Terbaru

6/recent/ticker-posts

Header Ads Widget

Sambut Ramadhan Dengan Harga Kembali Naik

TintaSiyasi.com -- Bulan Ramadhan adalah bulan yang dinantikan bagi kaum muslimin sebagai bulan kemuliaan menunaikan salah satu kewajiban dalam rukun Islam.  Namun sambutan bulan Ramadhan yang justru tidak diinginkan untuk semua rakyat bukan hanya muslim adalah naiknya harga-harga barang terkhusus harga bahan pokok.

Kenapa demikian? Karena masyarakat tentunya ingin membeli barang-barang yang dibutuhkan dengan harga yang sesuai isi kantong mereka masing-masing. Dengan kata lain sesuai pemasukan nafkah di setiap keluarga.  Sementara jika diperhatikan sudah menjadi kebiasaan yang terjadi  menaikkan harga menjelang ramadhan, seakan menjadi momen karena melihat begitu banyak permintaan.

Kekhawatiran kenaikan harga suatu hal yang wajar ketika kenaikan harga barang melonjak naik menjadi kekhawatiran rakyat. Sebab hal ini berkaitan dengan pengeluaran keuangan harian mereka dalam memenuhi kebutuhan harian mereka. Kenaikan harga ini terus berulang menjadi pertanda tidak ada solusi yang mampu ditempuh, yang ada justru diwajarkan dan diminta rakyat untuk tidak panik karena menganggap ini hal biasa.

Menteri Pertanian (Mentan) Syahrul Yasin Limpo (SYL) menyebut dinamika harga pangan jelang bulan puasa Ramadhan 1444 Hijriah/2023 Masehi sebagai hal biasa. Jelang bulan puasa Ramadhan ada dinamika harga itu biasa. Tapi kami dari Kementan, kementerian terkait lainnya, dan pemerintah daerah, tetap berupaya menjaga agar harga tetap stabil.

Mentan Syahrul saat membuka Rapat Koordinasi Bidang Pengawasan Pangan mengatakan tugas utama Kementerian Pertanian (Kementan) adalah menjaga ketersediaan pangan. Sementara untuk pergerakan harga, pihaknya tetap memantau sambil berkoordinasi dengan pemerintah daerah (pemda) dalam melakukan upaya-upaya pengendalian harga (era.id  07/03/23).
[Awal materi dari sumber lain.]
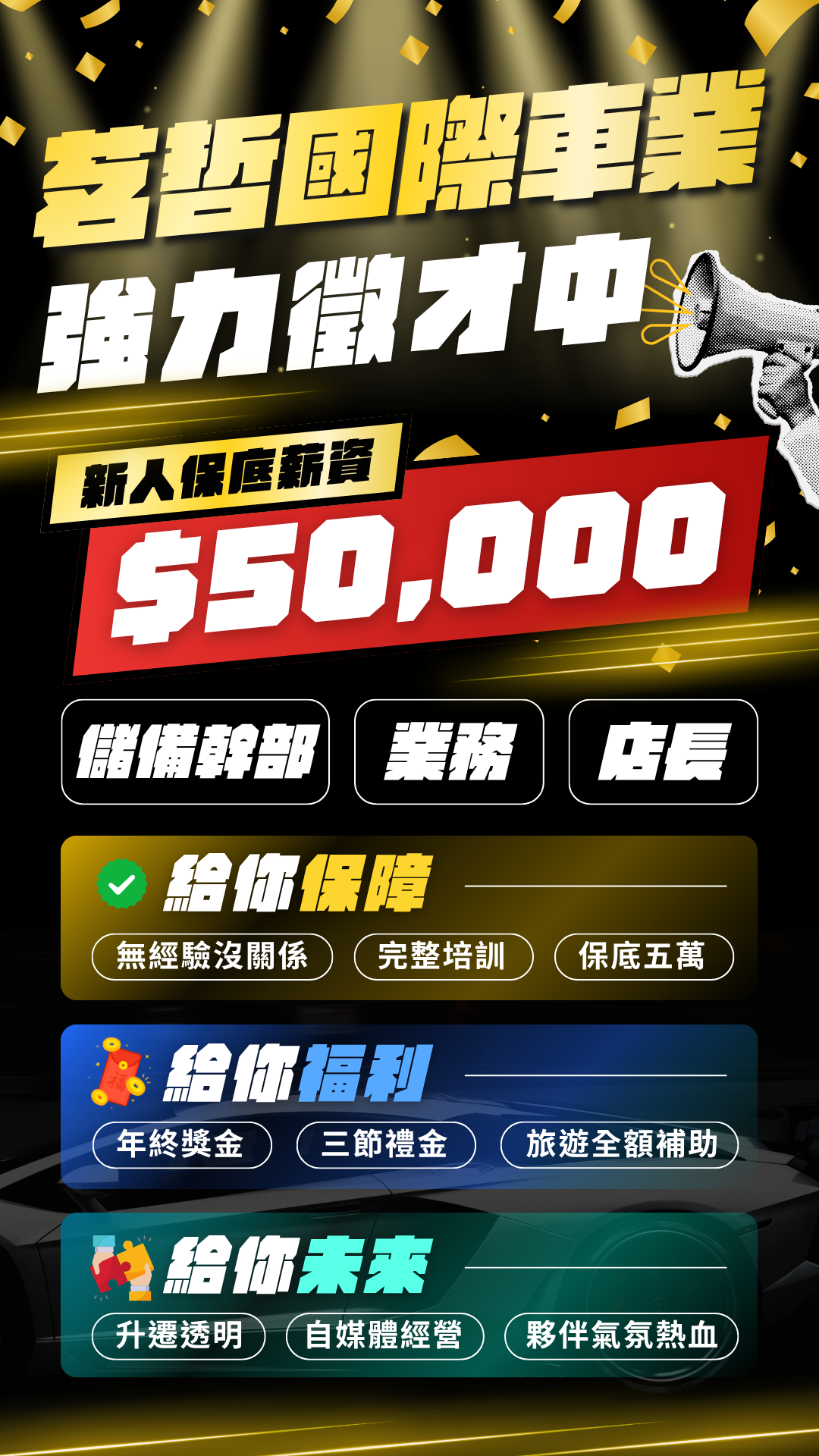 年終獎金、三節禮金、季獎金、業界最高抽成、勞健保、購車福利、員工制服、電腦設備、自媒體拍攝設備、專人手把手教學、停車位、出國全額補助、免費國內旅遊、每月免費聚餐

Sekarang hampir semua bahan pokok harganya naik semua, baik itu cabai, bawang merah maupun bawang putih dan komoditi lainnya. Apalagi saat ini momen ruahan dan jelang ramadan yang rutin terjadi kenaikan harga bahan pokok (tribunnews.com  7/3/2023).

Upaya yang masih kurang massif 
Memang benar bahwa kenaikan harga menjelang ramdhan tetap akan ada upaya yang dilakukan, namun upaya itu masih tergolong belum mampu menstabilkan harga. Dan yang menjadi evaluasi dilihat berulangnya kenaikan harga bahan pokok ini disimpulkan belum ada solusi yang diberikan.

Ibarat melodi yang berulang, harga menjelang ramadhan dan hari besar agama selalu naik. Akibatnya rakyat kesusahan dalam mendapatkan bahan kebutuhan pokok. Menjadi peran Negara yang memegang kekuasaan tertinggi dalam menyelesaikan permasalahan ini. Seharusnya ada upaya antisipasif agar tidak ditemukan gejolak harga sehingga rakyat mudah mendapatkan kebutuhannya. 

Alasan lain tidak terpecahkannya kenaikan harga yang berulang ini, karena adanya pihak yang bermain curang  dengan menimbun atau memonopoli perdagangan barang tertentu, dan itu diabaikan oleh negara bahkan justru terkadang difasilitasi. Fenomena yang terus terjadi ini sejatinya menunjukkan kegagalan negara dalam menjaga stabilitas harga dan menyediakan pasokan yg cukup sesuai kebutuhan rakyat.
 
Oleh karena itu sangat dibutuhkan keseriusan negara untuk memberikan upaya yang masif untuk menyelesaikan hal tersebut agar di tahun selanjutnya tidak berulang kembali bahkan tidak dijadikan hal yang biasa berupa tradisi yang diwajarkan. Upaya itu tentunya yang utama pengaturan yang independen sehingga tidak ada kebergantungan dengan pihak lain, penyediaan stok yang merata, SDM yang memadai, serta memberantas pihak yang memonopoli.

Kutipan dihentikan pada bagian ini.